Mahallelerden işyerlerine korona manzaraları - Osman Çokaman

Televizyonda akşam haberlerinde, sosyal medyada sayfayı her yenilediğimizde bir aksiyon filmi izler gibi takip ettiğimiz COVID-19 salgınının yine tıpkı film gibi bir senaryo ve kurgudan ibaret olduğunu düşünüp belki de yaşadığımız coğrafyayı etkileyebileceğini hesaba katmadan geçirdik bir süreyi. Sonra Sağlık Bakanı’nın “ilk vaka görüldü” açıklaması…

Sinirler gerildi, kaygılar arttı. “Ne yapılacak şimdi?” diye soran ürkek bakışların asıl derdi can güvenliğini garanti altına almaktı. Her gün televizyonlarda boy gösteren siyasetçiler, uzmanlar kayboldu, bir tek Sağlık Bakanı hükümet adına atılacak adımları sıralamak, vakanın yayılımına dair “Doğru(!)” bilgi vermek için ekran karşısına geçiyordu. “Sesi titredi”, “Gözü kızardı” görüntülerinin arasında, her kriz anında emeğiyle geçinen milyonların üzerine basarak krizden çıkış hesapları yapan iktidar cephesine yönelik “Bizi kurtar” beklentisi oluştu. O da aldı önlemini…

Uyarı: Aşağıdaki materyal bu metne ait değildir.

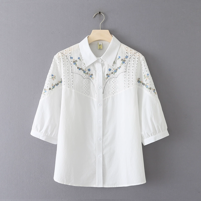 2023 الصيف للسيدات الجديد من أفضل 200 كاتشيات الدهون ملم جوفاء مطرزة بأكمام ثلاث أرباع قميص كبير الحجم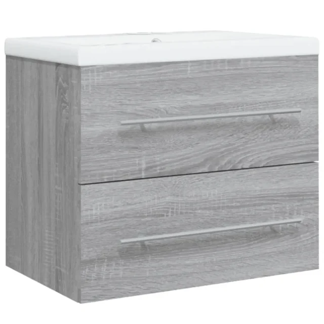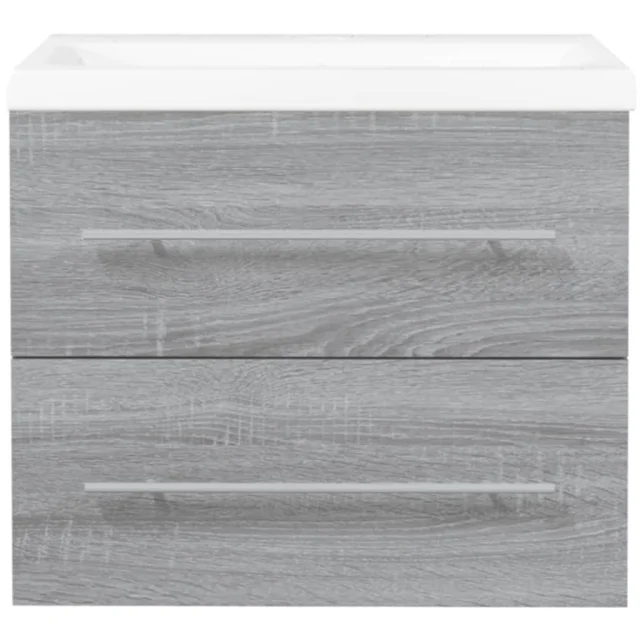 vidaXL Omarica z vgradnim umivalnikom siva sonoma inženirski les
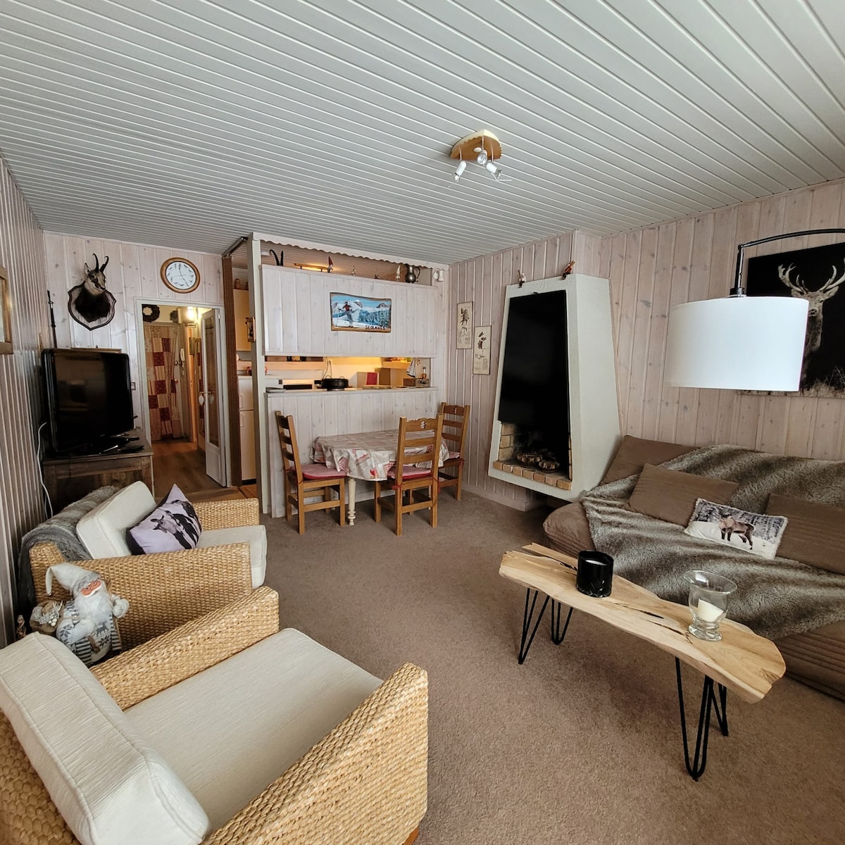 Íbúð á 4. hæð með bjartri, hljóðlátri lyftu sem snýr í suður 3 herbergi - 6 manns. 68m2. Staðsett í brekkunum. Stór verönd STOFA: 1 hjónarúm. Háskerpusjónvarp, ... ELDHÚS: uppþvottavél, örbylgjuofn,ísskápur/frystir, kaffivél, brauðrist, raclette-vél... SVEFNHERBERGI 1: Svefnherbergi með 1 hjónarúmi í 140 SVEFNHERBERGI 2: 90x190 kojur, 1 rúm í 120 *Baðherbergi,baðker, þvottavél *Salerni * EINKABÍLASTÆÐI UTANDYRA 1 skíðabox DÝR EKKI LEYFÐ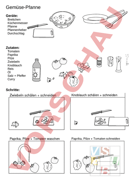 Gemüse-Pfanne Geräte: Brettchen Küchenmesser Pfanne Pfannenheber Durchschlag Zutaten: Tomaten Paprika Pilze Zwiebeln Knoblauch Reis Öl Salz Pfeffer Curry Schritte: Zwiebeln schälen schneiden Knoblauch schälen schneiden Paprika, Pilze Tomaten waschen Paprika, Pilze Tomaten schneiden Öl in Pfanne geben Zwiebeln Knoblauch anbraten Paprika, Pilze Tomaten dünsten abschmecken mit Reis vermischen servieren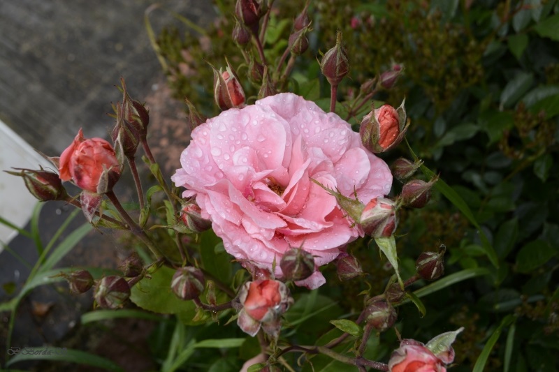 Retour par le jardin de Simone, accueillie par ce magnifique rosier sur le petit hangar de bois.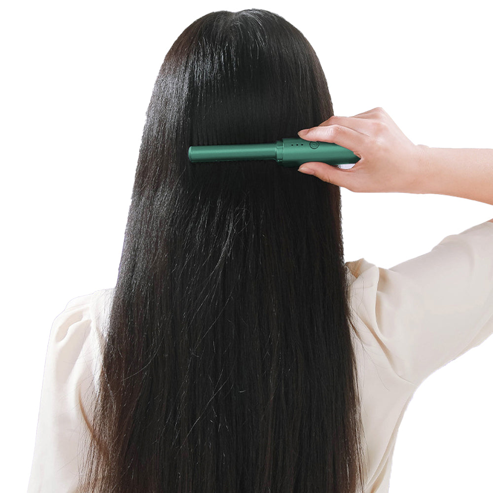 Portable Hair Straightener Comb Rechargeable Mini Hair Straightener Green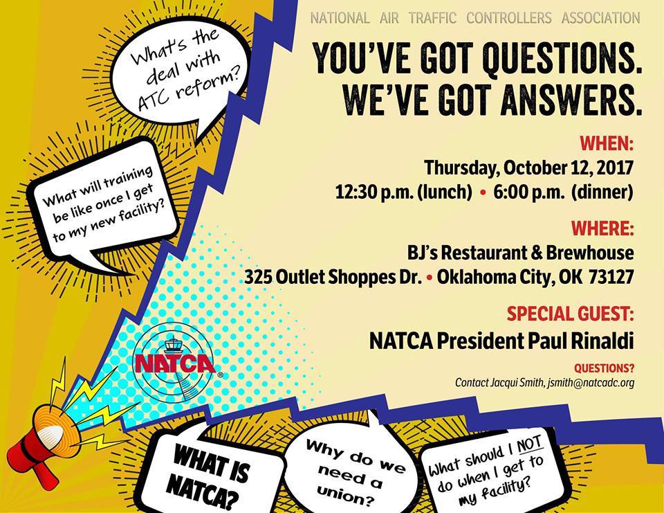 NATCA will be hosting a lunch meeting in Oklahoma City at 12:30 p.m. local time and a dinner meeting at 6 p.m. local time in Oklahoma City.

#EvdeKalTürkiye sloganı, patronları koruma programı vs. derken hayat ıssızlaştı, sokaklar tenhalaştı. Güvensizlik ve korku içinde sürecin geçmesi beklentisiyle esas olarak süregiden gündelik hayat akışı kırıldı. Bir tek evde kalamayanlar için hala sabah dolmuşa, otobüse ya da servise binip işyerine gidiş telaşı bitmedi. “Sık sık ellerinizi yıkayın” tavsiyesi sık sık yapılıyor ama evde kalamayan milyonlarca işçi iş yerlerinde bunu gerçekleştirebilecek koşullar yoksun çalışmaya devam etti. Kredi borçları, faturalar ertelendi denildi ama yine aynı evde kalamayanlar için geçerli değil bu. Dükkanında kiracı olanları koruyan borçlar hukuku, evinde kiracı olan emekçiyi korumaya yetmiyor.

Ücretsiz izne çıkarılmak, maaşın eksik yatması, işyerinde COVID-19’a karşı alınmayan hijyen önlemleri, artan ve belli ki daha da aratacak olan gıda fiyatları, evin faturaları, kirası… Belki sokaklarda insanların dolaşımı yavaşladı ama bu dertler mahallelerden işyerlerine her gün zihinlerde çözüm bekleyen sorular olarak dolaşıp duruyor.

***

İlk vakanın görüldüğü tarihten bugüne işçi sınıfının ve dolayısıyla halkın durumunu ifade eden birçok yazı çıktı, röportaj okundu. Ancak bu tabloyu bu durumu bir kez daha ifade etmek için çizmenin alemi yok. Bu süreçte siyaset yapmanın, hem de işçi sınıfının suretinde memleketi kurtaracak yolu gösteren bir siyaset yapmanın olanaklarına dair ipuçları yakalamak için bakmak lazım.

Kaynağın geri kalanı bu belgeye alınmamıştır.